Dengan harapan dan keyakinan tersebut, seseorang bisa terlecut semangatnya untuk bersabar dan kuat menahan berbagai beban penderitaan yang dihadapinya, betapapun berat penderitaan itu. Sebab, sebagaimana telah dimaklumi, surga adalah sebaik-baik tempat kembali. Di sana terdapat aneka kenikmatan tak terkira. Semua perkara yang diinginkan hati dan sedap dipandang mata dapat dinikmati di sana (QS al-Zukhruf [43]: 71).
Al-Quran banyak mengisahkan kaum yang sukses melewati cobaan saat mereka memiliki keyakinan tersebut. Demikian juga para sahabat Nabi saw. Mereka mampu bersabar menghadapi berbagai upaya jahat kaum musyrik. Keluarga Yasir, misalnya, mampu bersabar meskipun menerima siksaan di luar batas kemanusiaan. Sikapnya makin kukuh ketika mendengar sabda Rasulullah saw.: Shabr[an] âla Yâsir, fainna maw’idakum al-jannah. (Bersabarlah, wahai keluarga Yasir, karena sesungguhnya yang dijanjikan kepada kalian adalah surga). Sumayyah—istri Yasir—pun menyahuti dengan penuh kayakinan, “Innî arâhâ zhâhirat[an], yâ Rasûlullah,” (Sesungguhnya aku telah melihatnya secara jelas, wahai Rasulullah).
Kedua: mendapatkan pertolongan Allah Swt. dalam waktu dekat. Ayat ini memberikan kabar gembira kepada Rasul dan kaum Mukmin yang mengalami penderitaan hingga mencapai puncaknya berupa dekatnya pertolongan Allah Swt. Kejadian serupa juga dapat mereka alami. Tatkala ujian penderitaan yang mereka hadapi sampai pada klimaksnya, itu menjadi pertanda pertolongan-Nya segera tiba. Allah Swt. berfirman:
Sesungguhnya Kami menolong rasul-rasul Kami dan orang-orang yang beriman dalam kehidupan dunia dan pada hari berdirinya para saksi (Hari Kiamat). (QS Ghafir [40]: 51).
Keyakinan dan harapan akan dekatnya pertolongan Allah Swt. ini juga bisa membuat seseorang menjadi kian tegar dan tabah menghadapi berbagai ujian. Siapa yang tidak bergembira ketika penderitaannya segera berlalu dan kebenaran segera menang? Al-Quran pun menyebut pertolongan Allah Swt. dan kemenangan yang dekat sebagai perkara yang dicintai manusia (QS ash-Shaff [61]: 13).

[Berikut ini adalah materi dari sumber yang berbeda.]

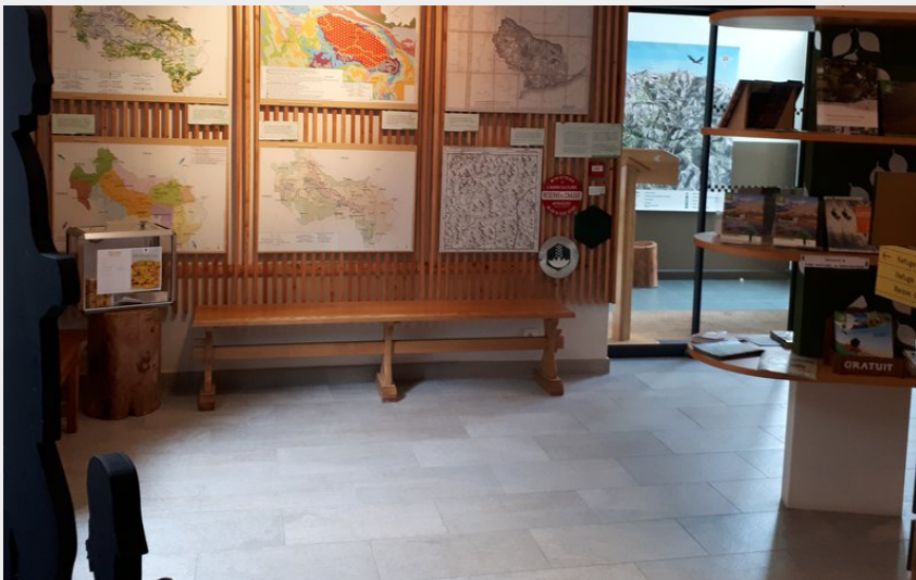
Attribution : Intérieur (Bureau Tende)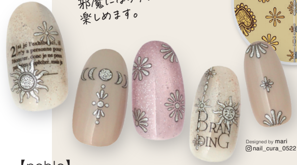
Designed by mari @nail_cura_0522

Pertolongan hanya di tangan Allah Swt.; tidak akan datang kecuali dari-Nya (QS Ali Imran [3]: 126, al-Mulk [67]: 20, al-Kahfi [18]: 43). Ditegaskan pula, siapa yang ditolong Allah Swt., tidak ada seorang pun yang dapat mengalahkannya. Sebaliknya, jika Allah Swt. membiarkannya, tidak ada seorang pun yang dapat menolongnya (QS Ali Imran [3]: 160).
Dengan demikian, pertolongan Allah Swt. merupakan anugerah tak terkira. Tentu lebih membahagiakan jika anugerah itu segera tiba. Andai pertolongan yang dinantikan itu belum juga datang, mereka bisa melakukan evaluasi diri, apakah usaha yang mereka lakukan belum serius atau penderitaan yang mereka alami belum mencapai puncaknya.